Operations

The DC/OS Kafka ZooKeeper service provides a robust API (accessible by HTTP or DC/OS CLI) for managing, repairing, and monitoring the service. Here, only the CLI version is presented for conciseness, but see the API Reference for HTTP instructions.

Plan Operations

An instance of the DC/OS Kafka ZooKeeper service is ultimately a set of plans (how to run the service) and a set of pods (what to run). The service is driven primarily by two plans, deploy and recovery.

The deploy plan is used during initial installation, as well as during configuration and service updates. The recovery plan is an always-running plan that ensures that the pods and tasks that should be running, stay running. Other plans (“sidecars”) are used for secondary operations.

Every plan is made up of a set of phases, each of which consists of one or more steps.

Listing plans

A list of plans can be retrieved using the CLI command:

dcos kafka-zookeeper --name=kafka-zookeeper plan list

Inspecting a plan

View the current status of a plan using the CLI command:

dcos kafka-zookeeper --name=kafka-zookeeper plan status <plan-name>

For example, the status of the completed deploy plan of the service will be:

dcos kafka-zookeeper --name=kafka-zookeeper plan status deploy
deploy (serial strategy) (COMPLETE)
└─ node-update (serial strategy) (COMPLETE)
   ├─ zookeeper-0:[server, metrics] (COMPLETE)
   ├─ zookeeper-1:[server, metrics] (COMPLETE)
   └─ zookeeper-2:[server, metrics] (COMPLETE)

NOTE: Passing the --json flag to the status command will return a JSON response which has UUIDs for the phases and steps of a plan.
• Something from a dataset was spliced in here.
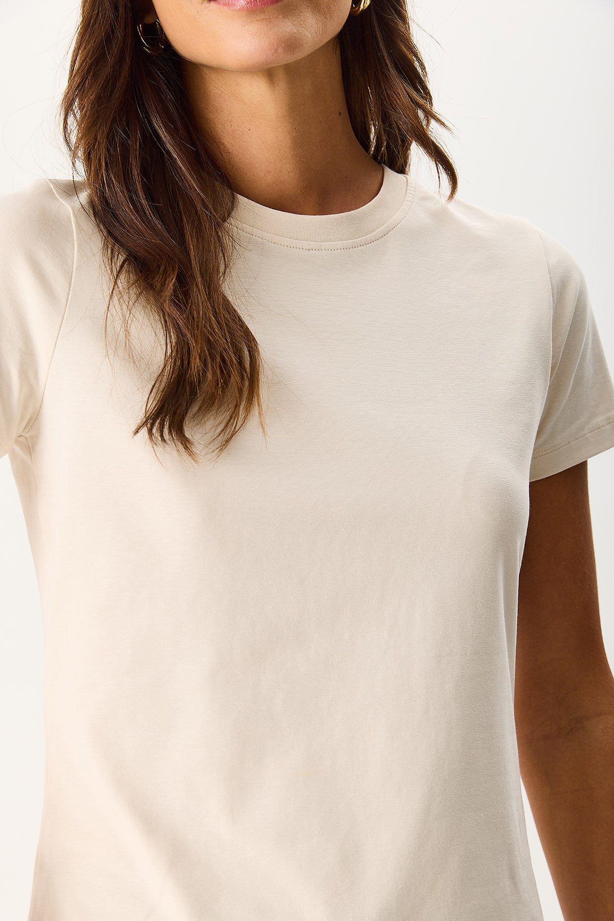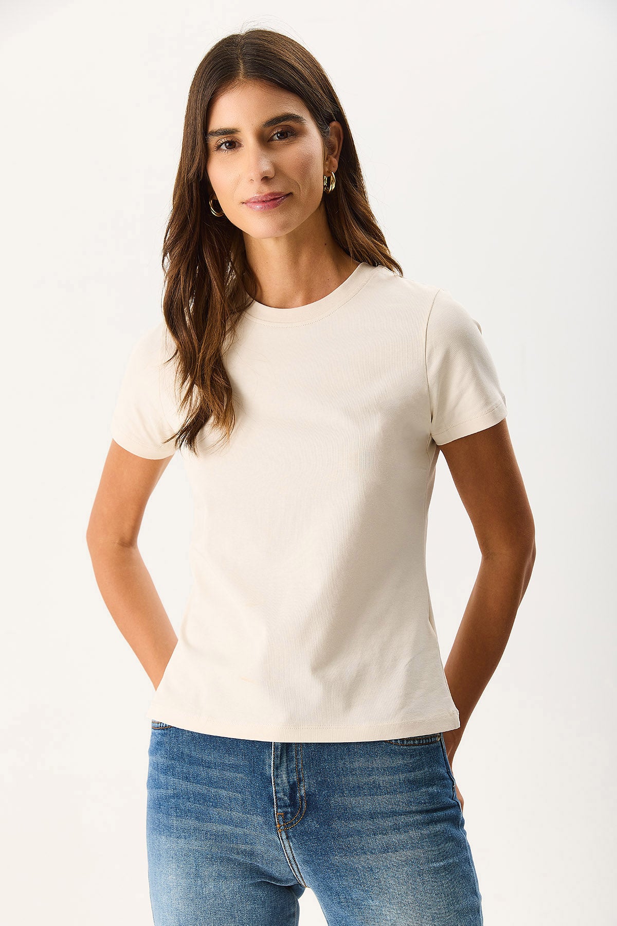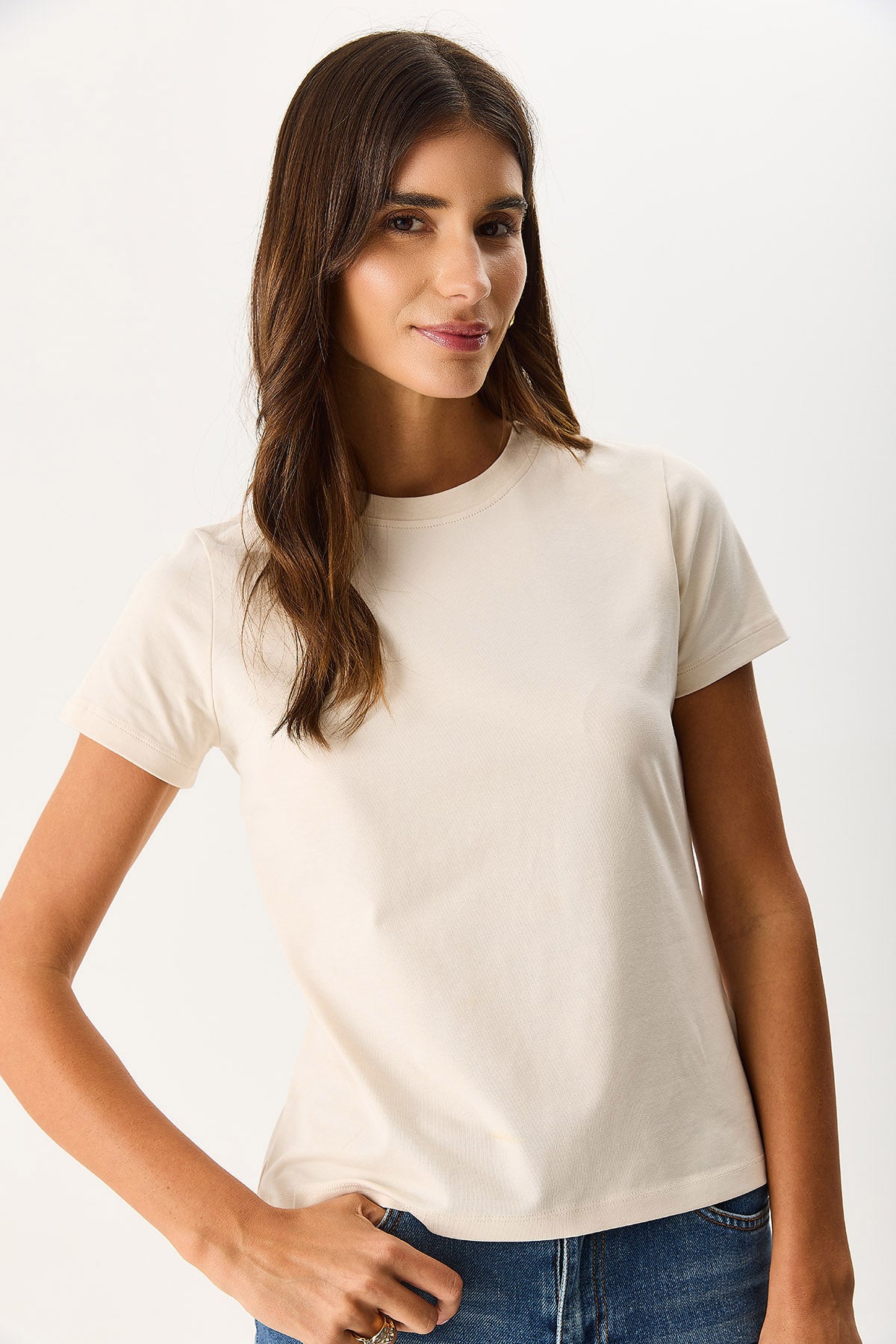Kadın Rachel Bisiklet Yaka Slim Fit Basic Tişört - Taş

These UUIDs can be useful in the other plan commands.

Operating on a plan

Start

Start a plan with the CLI command:

dcos kafka-zookeeper --name=kafka-zookeeper plan start <plan-name>

Pause

Pauses the plan, or a specific phase in that plan with the provided phase name (or UUID).

dcos kafka-zookeeper --name=kafka-zookeeper plan pause <plan (required)> <phase (optional)>

Stop

Stops the running plan with the provided name.
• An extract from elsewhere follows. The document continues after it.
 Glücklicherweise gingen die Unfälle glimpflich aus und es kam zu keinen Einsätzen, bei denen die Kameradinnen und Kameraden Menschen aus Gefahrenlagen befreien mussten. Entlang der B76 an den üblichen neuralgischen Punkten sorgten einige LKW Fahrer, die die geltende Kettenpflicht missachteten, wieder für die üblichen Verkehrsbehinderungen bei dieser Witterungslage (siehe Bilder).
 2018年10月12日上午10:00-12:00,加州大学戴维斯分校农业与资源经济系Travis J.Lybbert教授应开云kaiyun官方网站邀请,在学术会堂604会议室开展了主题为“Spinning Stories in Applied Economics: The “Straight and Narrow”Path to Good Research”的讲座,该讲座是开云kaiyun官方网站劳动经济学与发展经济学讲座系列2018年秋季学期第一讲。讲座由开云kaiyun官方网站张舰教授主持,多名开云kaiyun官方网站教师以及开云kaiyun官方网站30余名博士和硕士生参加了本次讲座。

dcos kafka-zookeeper --name=kafka-zookeeper plan stop <plan>

Plan Stop differs from Plan Pause in the following ways:

Pause can be issued for a specific phase or for all phases within a plan. Stop can only be issued for a plan.
Pause updates the underlying Phase/Step state. Stop both ceases execution and of the plan and resets the plan to its initial pending state.

Resume

Resumes the plan, or a specific phase in that plan, with the provided phase name (or UUID).
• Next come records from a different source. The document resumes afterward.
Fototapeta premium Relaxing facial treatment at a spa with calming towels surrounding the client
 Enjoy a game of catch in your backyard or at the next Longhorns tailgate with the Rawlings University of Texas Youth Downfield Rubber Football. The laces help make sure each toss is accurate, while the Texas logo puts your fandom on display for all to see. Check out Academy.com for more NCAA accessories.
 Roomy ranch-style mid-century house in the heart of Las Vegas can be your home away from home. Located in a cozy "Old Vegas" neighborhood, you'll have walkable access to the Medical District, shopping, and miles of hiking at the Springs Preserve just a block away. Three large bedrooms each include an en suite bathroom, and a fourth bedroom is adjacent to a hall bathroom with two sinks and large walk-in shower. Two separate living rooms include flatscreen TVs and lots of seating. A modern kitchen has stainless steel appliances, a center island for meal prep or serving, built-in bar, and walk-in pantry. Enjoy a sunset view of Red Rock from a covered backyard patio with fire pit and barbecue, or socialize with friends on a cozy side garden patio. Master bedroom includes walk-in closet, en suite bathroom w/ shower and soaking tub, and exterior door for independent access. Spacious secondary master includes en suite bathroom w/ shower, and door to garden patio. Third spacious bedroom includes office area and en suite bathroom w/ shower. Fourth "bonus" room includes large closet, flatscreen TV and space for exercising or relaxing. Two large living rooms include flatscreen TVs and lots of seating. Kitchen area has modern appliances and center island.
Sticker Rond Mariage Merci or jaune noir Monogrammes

dcos kafka-zookeeper --name=kafka-zookeeper plan resume <plan (required)> <phase (optional)>

Force-Restart

Restarts the specified step, phase if no step is specified, or plan if no phase is specified.

dcos kafka-zookeeper --name=kafka-zookeeper force-restart <plan (required)> <phase (optional)> <step (optional)>

Force-Complete

Force completes a specific step in the provided phase of the plan. From the CLI it is only possible to force complete a step. The HTTP API supports force completing on phases and plans in their entirety.

dcos kafka-zookeeper --name=kafka-zookeeper force-complete <plan (required)> <phase (required)> <step (required)>

Pod Operations

A deployed instance of the DC/OS Kafka ZooKeeper service is made up of a set of running pods. Using the pod API, it is possible to manage the lifecycle of these pods as well as investigate failures of the pods and their tasks.

NOTE: Managing pod count is done via the service configuration and does not have a direct API.

List

To list all the pods of the service run the CLI command:

dcos kafka-zookeeper --name=kafka-zookeeper pod list

Status

To view the status of all pods or optionally just one pod run the CLI command:

dcos kafka-zookeeper --name=kafka-zookeeper pod status <pod-name (optional)>

This will show any status overrides for pods and their tasks.

Restart

To restart a pod in place, use the CLI command:

dcos kafka-zookeeper --name=kafka-zookeeper pod restart <pod-name>

This will kill the tasks of the pod, and relaunch them in-place. The progress of the restart can be monitored by watching the recovery plan of the service.

Replace

Replace should be used only when the current instance of the pod should be completely destroyed. All persistent data (read: volumes) of the pod will be destroyed. Replace should be used when a DC/OS agent is being removed, is permanently down, or pod placement constraints need to be updated.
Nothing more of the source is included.